翌日。何故か目が覚めてしまったハジメはデルフを抜き、手入れを始めた。彼はとてもうれしそうだ。
「相棒、俺っちうれしいよ。あそこじゃ手入れしてくれなかったんだぜ?」
「そりゃ大層苦労したな。お前に聞きたいことがあるんだが、ワルドをどう思う?」
「娘っこの婚約者って奴のことだろ?別に変わったところはないけどよ、なんか違和感あるぜ」
「俺もそう思う。最初にあった時から疑問に思ってな」
ノックの音が聞こえる。
「どうぞ」
「おはよう、使い魔君」
噂をしていた男、ワルドが入ってきた。
「何のようだロリコン髭。飯はまだ先だぞ」
「まぁ話を聞いてほしい。君、ガンダールブだってね」
「確証は?」
「左手のルーンが証拠だ。僕はそれを見たしね」
ハジメはデルフを置くと、左手に装着している籠手を見せた。
「・・・変だな、俺はお前に籠手を外して見せた記憶がないぞ。寝ている隙にと言うなら、とっくに気づいて氷雨丸の錆だ。正直に話せ」
「オスマン氏から聞いたんだ。実は、陰で行列の護衛していたから彼に会う機会があってさ」
「ほぅ。ジジイにか」
「それに僕は王立図書館の書物で伝説のルーン等を調べたりするの大好きでね」
「・・・建前はわかった。用件は?」
「僕と決闘し」
「断る。笑えん冗談だ」
白けた表情でワルドを見る。
「怖がっているのかね、僕と戦うことが」
「レオンに負けたお前の実力は知ってる。それともなんだ、意外と喧嘩っ早いのか?」
普段よりも多く殺気を放ち、牽制する。
「・・・すまなかった、僕は部屋に戻るとしよう」
ワルドが部屋を出て行こうとする。
「本気でルイズを愛してるなら、何故光鳥に気づかれるように動いたんだ?」
思わぬ問いかけに答えようにないワルドは急いで去っていった。その姿を見てハジメは思わず笑ってしまった。
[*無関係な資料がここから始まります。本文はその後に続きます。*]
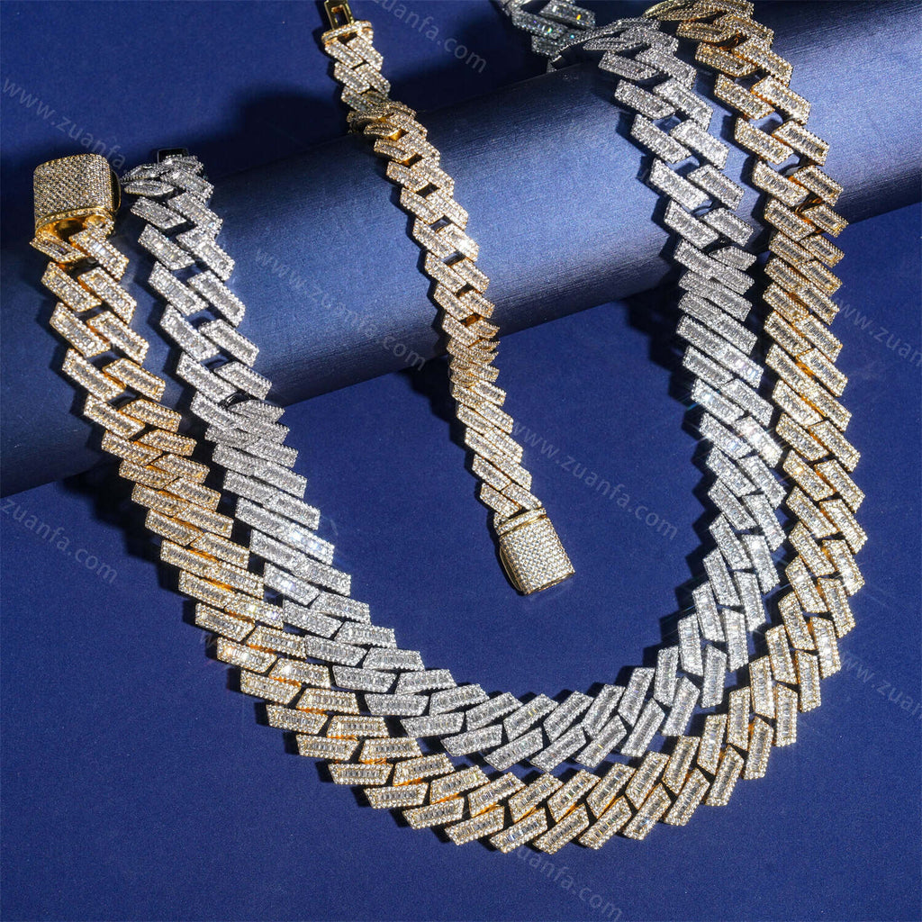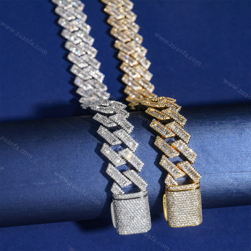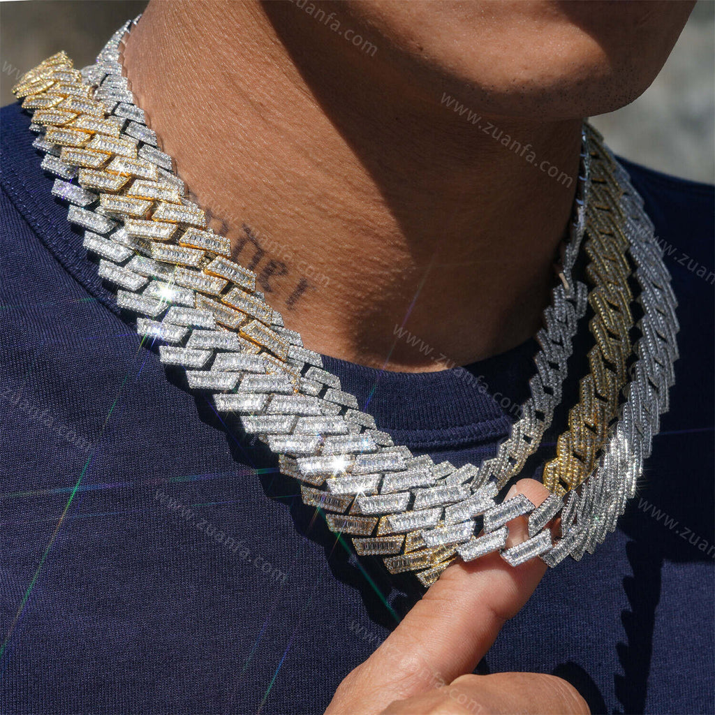 Zuanfa exclusive Round Diamond Iced Out Cuban Link Chain is now available, made of Brass and plated with a thick layer of 18K Gold.
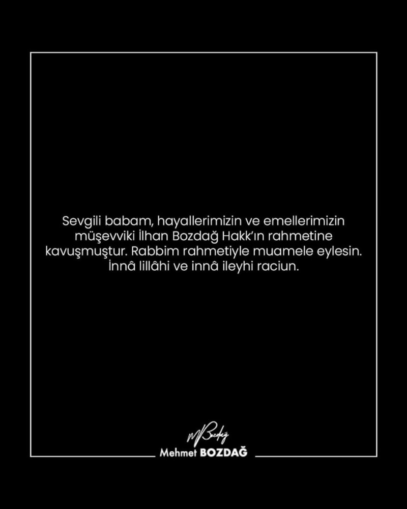 Bozdağ açıklamasında, "Sevgili babam, hayallerimizin ve emellerimizin müşevviki İlhan Bozdağ, Hakk’ın rahmetine kavuşmuştur. Rabbim rahmetiyle muamele eylesin. İnna lillahi ve inna ileyhi raciun." dedi.

「笑えるな、あれがグリフォン隊のリーダーとはな。まだアーサーがリーダーになった方がマシだぜ」
懐かしい後輩の名前を呟くと、再びデルフを磨くのであった。
「兄貴、アーサーって誰ですか?」
「ミズガルズ図書館の後輩だ。お前と姿形はやや似てるが、中身はデリカシーの無い能天気アルケミストだ。良い奴だけどな」
「なんというか・・・兄貴に勝てる人、いるんですか?」
「トキオを怒らせたら、生きて帰れないぞ。俺でも瀕死に追い込まれた」
磨きを終えたデルフを鞘に収めると、自分の氷雨丸を腰に差した。
「今日はトルネードの練習だ、どっかに広場とかないか?」
「それなら、練兵場がここから少し離れた場所にあります。今日も行くんですね」
着替えを終え、準備体操を終えたギーシュ。
「俺のあげた剣、大事してくれて嬉しい限りだ」
師弟は揃っ練兵場に向かった。その姿を確認したトキオは、こっそりとついて行くことにした。